The national economy is expected to grow for the next several years, but start to slow down. The economy is expected to grow by 2.1 percent in 2020, and then decrease to 1.5 percent by 2023. This predicted continued economic growth throughout 2023 is a cause for caution. The U.S. is currently experiencing its longest economic expansion on record, and this forecast predicts what would amount to 14 years of economic growth since the last recession. Such sustained economic growth would be fairly unprecedented, and would be well beyond the average length of economic expansions in the United States.[ii] In the past 50 years, the U.S. has experienced a recession every five or six years on average. Recessions of course don’t happen on a timer, but the longer the economic growth, the less likely it is that we will continue to avoid a recession.
Like any prediction of the future, this economic forecast is subject to risk. IHS Markit, the state’s macroeconomic consultant, assigns a 55 percent probability to their baseline economic forecast scenario. They assign a 35 percent probability to their more pessimistic scenario in which there is a recession starting late 2020, and a 10 percent probability to a more optimistic scenario. This confidence in the baseline scenario is the lowest since February 2012, and the forecast notes that the slow growth in the upcoming years makes the economy less resilient.
Keep the state’s budget reserve strong
During an economic recession, the needs of Minnesotans grow – just at the time that the resources our state relies on to meet those needs shrink. The state’s budget reserve is one important way to better position the state to respond to an uncertain future. In the same way a family might save to be able to make it through a long illness or job loss, Minnesota keeps this reserve so when a recession hits, the state can avoid drastic cuts in essential services and continue to serve Minnesotans’ needs. During the last recession, deficits were much larger than the much smaller budget reserve the state had at the time, and Minnesota policymakers made painful service cuts. A healthy level of reserves also gives state policymakers the time they need to make responsible and thoughtful budget choices instead of having to make hasty decisions to balance the state’s budget.

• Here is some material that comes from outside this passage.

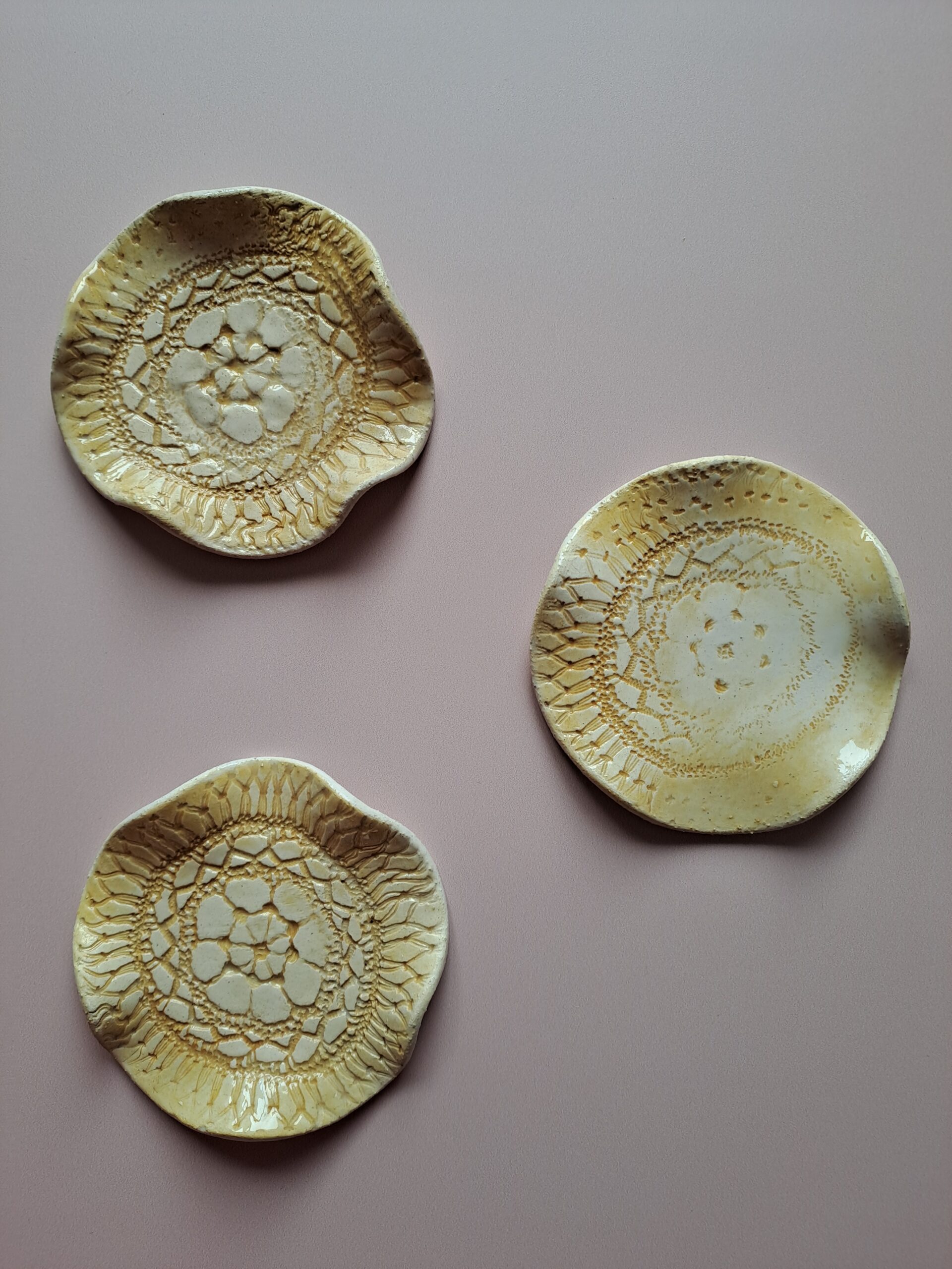 Ses trames délicates sont tracées par de la vraie dentelle, imprimée dans l’argile pour en révéler toute la finesse et la complexité.

Unfortunately, in the 2019 Legislative Session, policymakers slated $491 million to be withdrawn from the budget reserve in July 2021. This would weaken the budget reserve significantly, and could hurt Minnesotans during the next recession. Policymakers will need to undo this scheduled withdrawal.
Policymakers should prepare for the future
The November forecast is our first glance at the state’s budget and economic picture in advance of the upcoming legislative session. Policymakers will use the February forecast to inform their decisions in the 2020 Legislative Session.
This forecast gave Minnesota one-time good news, but with a shrinking balance in FY 2022-23, policymakers will need to raise additional revenues to sustainably fund priorities so that all Minnesotans can thrive. After decades of wage stagnation for many workers and years of under-investment in our communities, there’s still more work to do to invest in great schools, thriving communities, and other building blocks of lasting and shared prosperity for all Minnesotans, no matter who they are or where they live.